In the process, Raheel stresses that AI agents are not just about automation. They are workflow transformers, rethinking how work gets done. To explain what he means, Raheel shares a few real-world examples:
- In care management, an AI agent can prepare service plans for high-risk members by reading intake notes, pulling patient history, checking eligibility, and drafting plans, reducing a task that took 45 minutes to just 2-5 minutes, cutting burnout, and doubling throughput.
- In claims triage, an AI agent can sift through claims data across four or five systems, flagging issues and summarizing them intelligently for human adjusters, utilizing memory and reasoning rather than rigid rules.
Another example that Raheel cites Productive Edge for currently piloting is a longitudinal agent designed to support behavioral health follow-up. It monitors key patient behavior metrics over several weeks, tracking missed appointments, medication gaps, and unclosed referrals. When signs of risk emerge, the agent proactively nudges care managers, not with generic alerts but contextualized insights.
“For instance, it might flag that a member hasn’t refilled their prescription in 12 days, note a documented mood decline in their last visit, and recommend a timely outreach. The agent consolidates data from claims, EHRs, and even patient messaging platforms, enabling care managers to prioritize effectively and act with the full picture in view. And in many ways, that’s only the beginning of what these systems can do.”
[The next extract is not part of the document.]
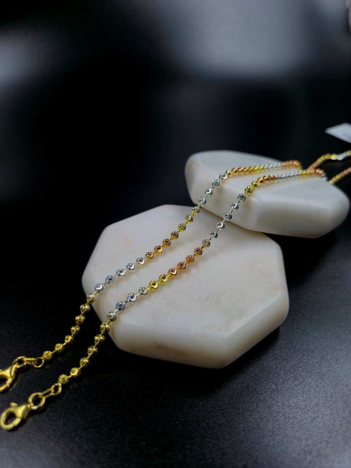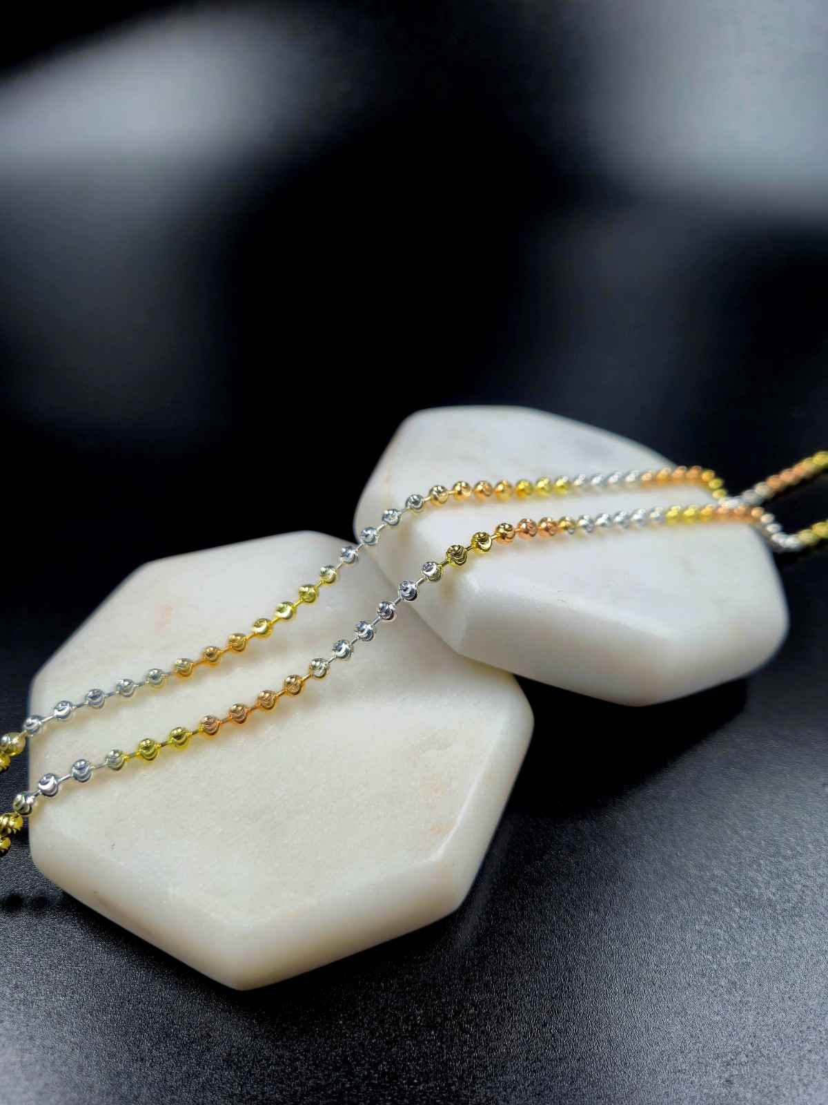 925 Silver anklet with tiny silver ball chain coloured in rose gold, gold and silver colour.

– Raheel Retiwalla, Chief Strategy Officer at Productive Edge
He believes the best agentic AI use cases emerge with executive-driven direction. As leaders increasingly ask, “What are we doing about AI?” operational teams are being pushed to identify areas where AI can reduce manual work and inefficiencies.
Many high-ROI opportunities exist even in non-clinical workflows without protected health information (PHI), making them easy starting points. Teams can build on existing tools and models to unlock more value with AI agents.